EXERCISE DESCRIPTION ▸ Please write out every line of the listing without alteration, but omit the images.
----- INFORMATION GIVEN
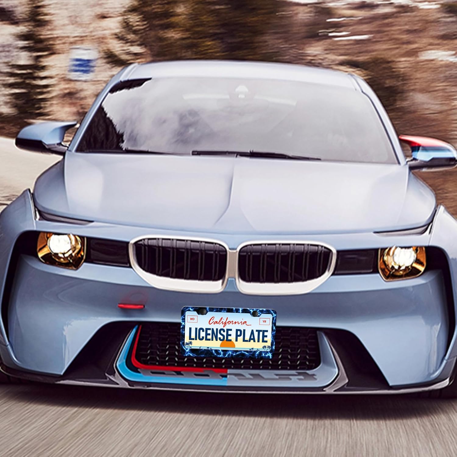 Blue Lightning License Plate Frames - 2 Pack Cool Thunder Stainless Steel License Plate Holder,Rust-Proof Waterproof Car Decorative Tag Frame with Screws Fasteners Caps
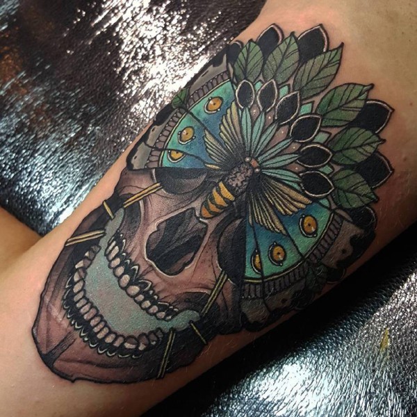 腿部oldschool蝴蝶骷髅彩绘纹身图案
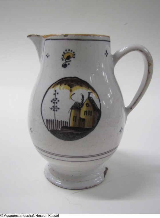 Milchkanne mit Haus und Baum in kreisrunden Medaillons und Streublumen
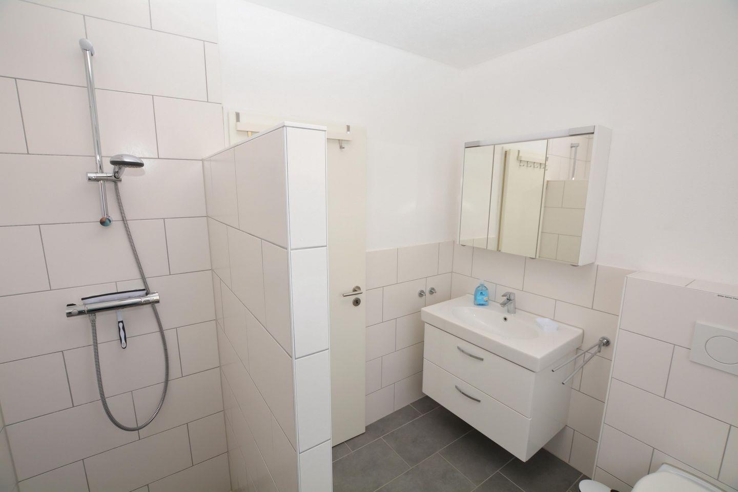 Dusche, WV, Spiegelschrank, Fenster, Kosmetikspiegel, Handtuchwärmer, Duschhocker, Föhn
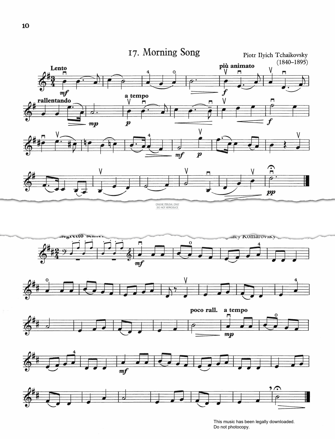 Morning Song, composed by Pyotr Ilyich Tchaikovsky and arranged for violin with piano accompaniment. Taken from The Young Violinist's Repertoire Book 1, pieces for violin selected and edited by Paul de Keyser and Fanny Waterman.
----------
FINISHED TASK ▸
 Blue Lightning License Plate Frames - 2 Pack Cool Thunder Stainless Steel License Plate Holder,Rust-Proof Waterproof Car Decorative Tag Frame with Screws Fasteners Caps
 腿部oldschool蝴蝶骷髅彩绘纹身图案
 Milchkanne mit Haus und Baum in kreisrunden Medaillons und Streublumen
 Dusche, WV, Spiegelschrank, Fenster, Kosmetikspiegel, Handtuchwärmer, Duschhocker, Föhn
 Morning Song, composed by Pyotr Ilyich Tchaikovsky and arranged for violin with piano accompaniment. Taken from The Young Violinist's Repertoire Book 1, pieces for violin selected and edited by Paul de Keyser and Fanny Waterman.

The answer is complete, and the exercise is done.